If X and Y are iid random variables with distribution $F(x)=e^{-e^{-x}}$ and we let $Z=X-Y$ find the distribution function of $F_Z(x)$. I get $F_Z(x)=\frac{e^x}{1+e^x}$ but that doesn't match the answer that the professor gave us. Is what I have correct? I used the standard approach where I integrate over a region the joint density which is just the product of the two densities. Nothing too fancy I did, its just I think my professor got it wrong.

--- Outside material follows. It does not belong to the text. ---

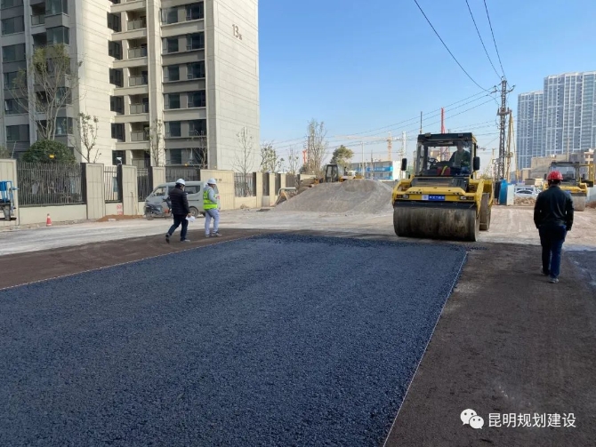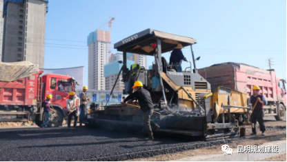 官渡40路,官渡主7路,官渡241路等3条道路的部分路段同步开始沥青摊铺。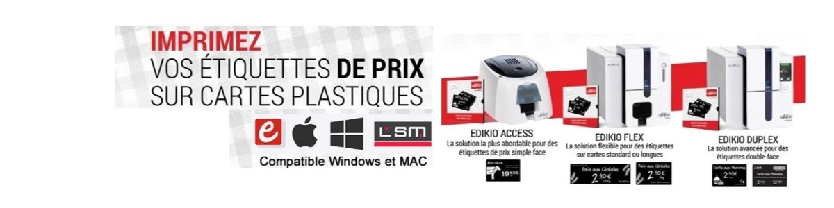 Elle fournit les gammes d’imprimantes Evolis Edikio Pricetag et Guest (access, flex et duplex). Ces offres sont dédiées à l’étiquetage des produits pour les boulangers, bouchers, traiteurs, restaurants, hôtels. Cela permet de créer et d'imprimer soi-même les étiquettes de prix sur carte PVC, en respectant les informations réglementaires (allergènes, symbole de décongélation...). Les clients apprécient le gain de temps de la gestion de leur étiquetage des prix en toute autonomie. Les solutions Edikio sont destinées à l'impression des étiquettes de prix pour les produits vendus en vrac dans le magasin.

[Math] Distribution of difference of iid Random Variables
probability
Best Answer
$$ \begin{align} P(Z\leq z)&=P(X\leq z+Y)=\int_{-\infty}^\infty P(X\leq z+y) f(y)\,\mathrm dy\\ &=\int_{-\infty}^\infty\exp(-e^{-(z+y)})\exp(-y-e^{-y})\,\mathrm dy \\ &=\int_{-\infty}^\infty \exp(-y-e^{-y}(1+e^{-z}))\,\mathrm dy\\ &=\left[\frac{1}{1+e^{-z}}\exp(-(1+e^{-z})e^{-y})\right]_{-\infty}^\infty\\ &=\frac{1}{1+e^{-z}}. \end{align} $$